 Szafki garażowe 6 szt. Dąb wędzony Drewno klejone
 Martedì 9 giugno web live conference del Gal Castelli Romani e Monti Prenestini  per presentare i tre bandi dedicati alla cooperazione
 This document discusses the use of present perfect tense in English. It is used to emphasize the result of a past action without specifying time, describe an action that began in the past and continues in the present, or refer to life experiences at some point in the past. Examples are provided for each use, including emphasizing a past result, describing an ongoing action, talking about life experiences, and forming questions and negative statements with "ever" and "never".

::::

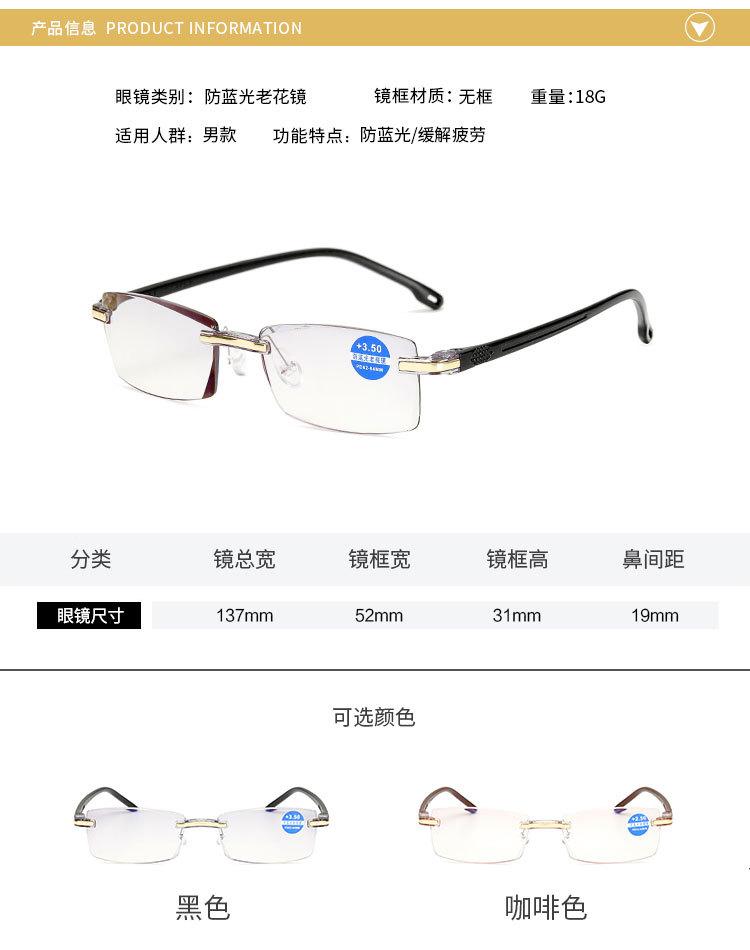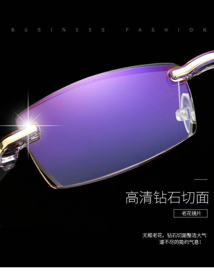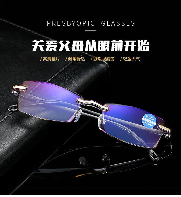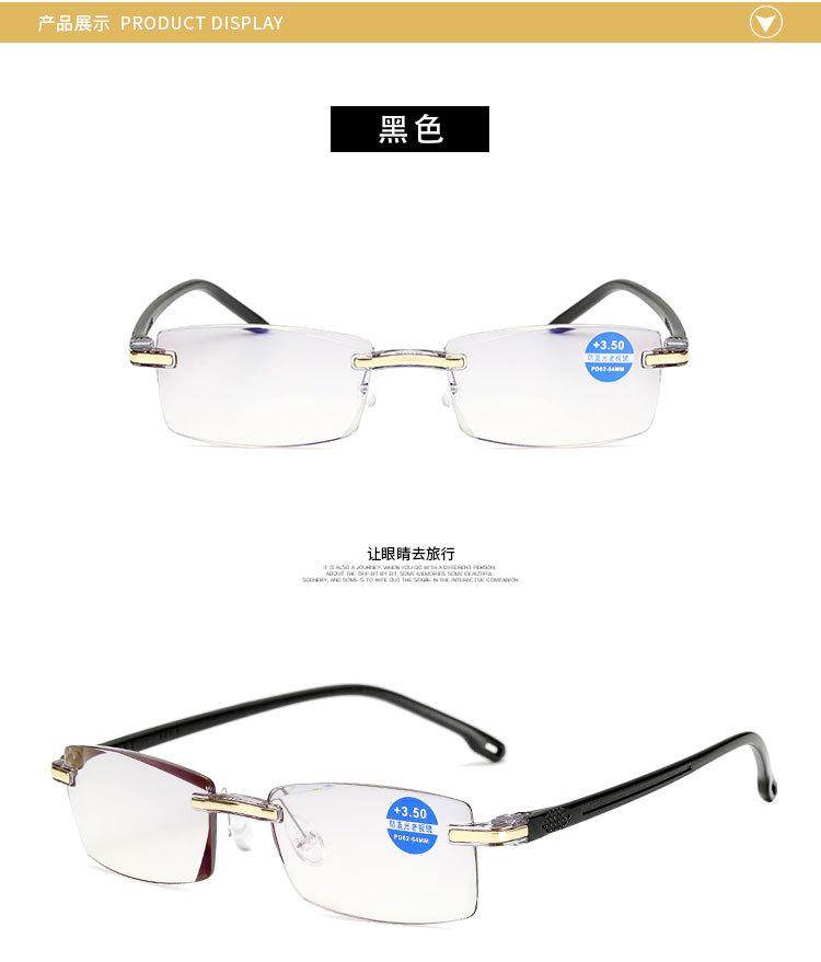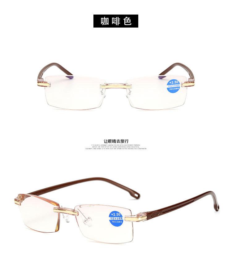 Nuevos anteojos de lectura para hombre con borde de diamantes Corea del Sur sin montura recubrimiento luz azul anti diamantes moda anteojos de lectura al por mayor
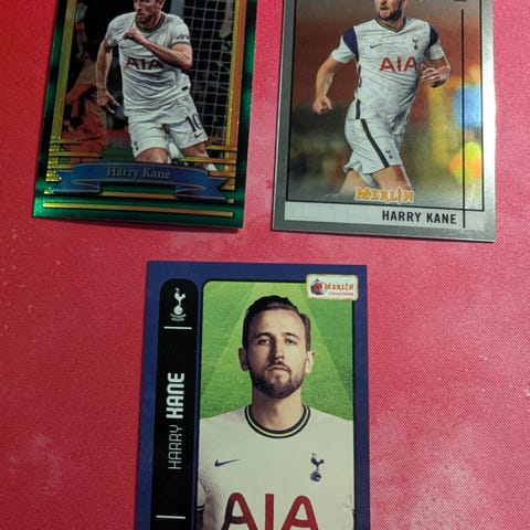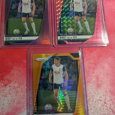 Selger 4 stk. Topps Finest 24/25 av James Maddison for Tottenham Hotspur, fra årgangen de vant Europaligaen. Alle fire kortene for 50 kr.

::::

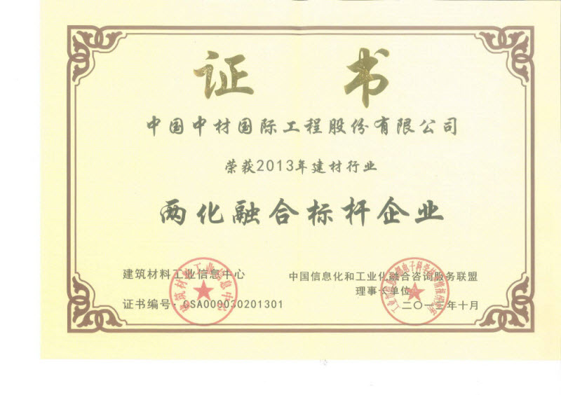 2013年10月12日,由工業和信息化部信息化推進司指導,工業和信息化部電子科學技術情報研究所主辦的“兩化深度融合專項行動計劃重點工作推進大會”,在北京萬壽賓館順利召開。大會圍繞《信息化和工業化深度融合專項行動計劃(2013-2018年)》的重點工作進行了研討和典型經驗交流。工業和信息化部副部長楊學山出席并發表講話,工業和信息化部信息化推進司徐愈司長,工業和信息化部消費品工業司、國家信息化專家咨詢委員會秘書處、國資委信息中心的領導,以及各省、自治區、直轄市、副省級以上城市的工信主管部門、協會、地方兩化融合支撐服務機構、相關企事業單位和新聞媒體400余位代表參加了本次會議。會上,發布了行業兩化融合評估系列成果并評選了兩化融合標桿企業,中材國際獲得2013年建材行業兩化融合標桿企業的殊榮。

::::

> **Problem to solve**: Using only the entries above, output the line with "Szafki garażowe 6", the line with "Martedì 9 giugno", and all lines between them, exactly as they stand.

> **Finished exercise**:
 Szafki garażowe 6 szt. Dąb wędzony Drewno klejone
 Martedì 9 giugno web live conference del Gal Castelli Romani e Monti Prenestini  per presentare i tre bandi dedicati alla cooperazione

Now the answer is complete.